Поздний ребенок, очень поздний, в последний момент родился, вошел в жизнь, как солнце в море, неминуче. Безумная радость пожилых родителей, вспышками, трескучими салютами, когда оттенок ярче цвета: малиновый, кипенно-вишневый, васильковый. Рано поседевшая мать кормила молодой, юной даже, грудью, помнил — не сойти с места! Резкие, истеричные звуки скрипки били в зимних утренних густо-голубых потемках по тоненьким нервам сквозь млечный сон. Седая, а потому как-то вечно юная, мама из юной цвета будущей любимой страницы груди на первый Новый год — шампанское. Попотчевала из груди шампанским. Заснул на сутки, проснулся, пожаловался, морщась: «Гойко!..» Всплеснули руками над колыбелью, как феи, со старшей сестрой: «В полтора месяца — понимает, в полтора месяца — говорит!» Но это было единственное слово: горько.

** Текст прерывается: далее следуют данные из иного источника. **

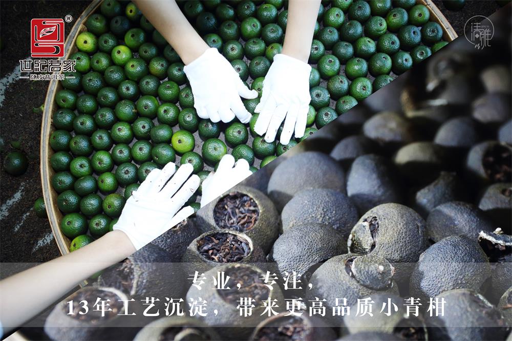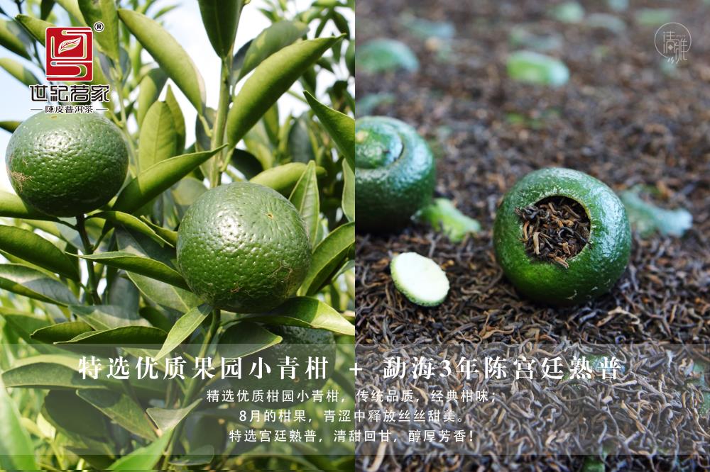 精选主产区优质柑园小青柑,传统品质,经典滋味;8月的柑果,青涩中释放丝丝甜美。宫廷熟普,芽叶细嫩,清甜回甘,醇厚芳香!经典配搭,品味一流!
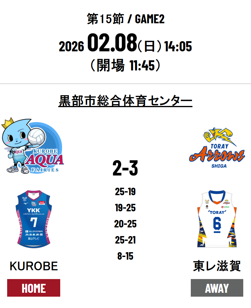 KUROBE Aqua Fairies 2 - 3 Toray Arrows Shiga
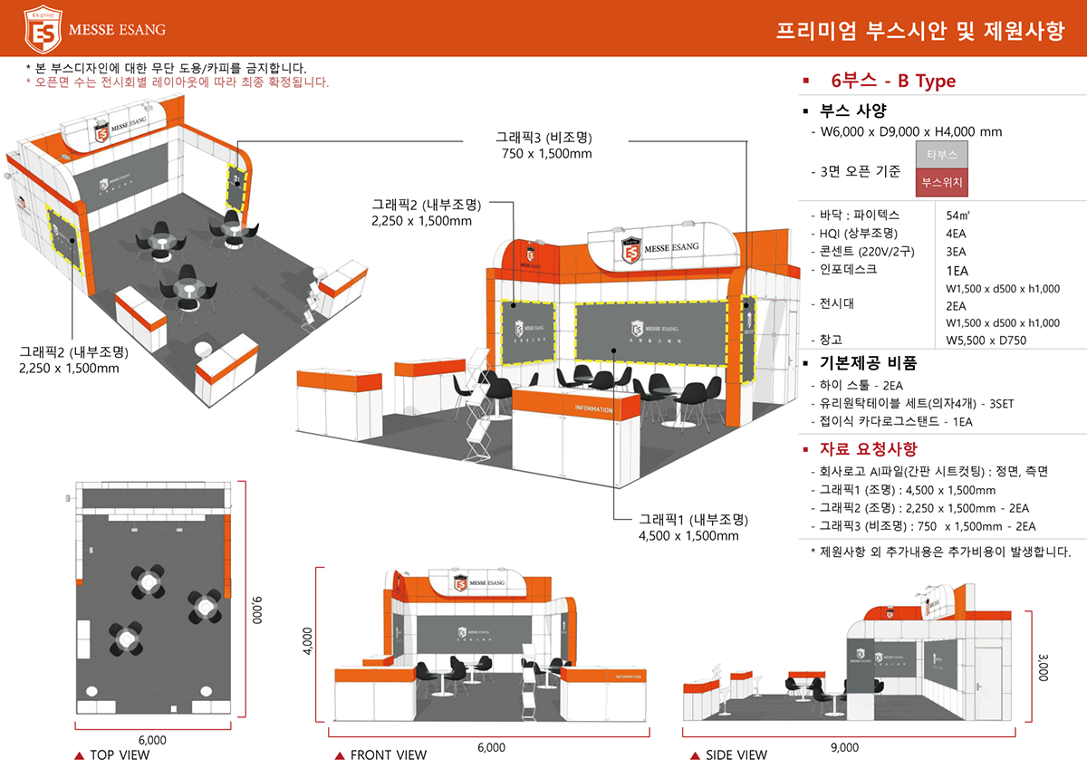 ![]() | 독립부스 | 1,150,000원 | 3m * 2m | - | 바닥 면적만 제공 (2부스 이상부터 신청 가능) |

Впал в младенчество только в двенадцать. Стал играть в куклы, шить им одежду. Огромная, измученная любовью к его отцу, скрипачу, списанная концертмейстер-аккомпаниаторша стала бонной. Аккомпанировала отцу — забраковал, полюбила отца — забраковал. Хотя у него было много таких женственных теней, и он их, как и положено, отбрасывал от себя. До того Миленок кукол презирал, любил взрослых женщин. Воспитательниц яслей, маминых подруг. Чувствовал себя великаном: лужи — Карибские моря, московский снег — горные хребты Эллады, трава — деревья рыцарского леса, а великану и подруга нужна огромная, до неба, чтобы вместе можно было рассматривать на ладони рыцаря в дивных изумрудных латах. А тут к двенадцати презрел взрослую огромную женщину, полюбил кукол.

На что рассчитывала в этом своем безвозмездном служении? Думала сместить мать, сбила с панталыку ранняя седина? Между отцом и Олей не было устья какой бы то ни было страсти. Тогда зачем неизменно приезжала, корпела над волшебными бальными платьями для кукол. Упрямо; это упрямство не возмущало, озадачивало и попускалось. Страсть перешло в упрямство. Страсть и есть упрямство, которое переходит в музыку, а потом опять выгорает в страсть и немое упрямство. И в этой пытке, и в этой пытке, и в этой пытке многократной страсть оборачивается верой, правдой и смирением.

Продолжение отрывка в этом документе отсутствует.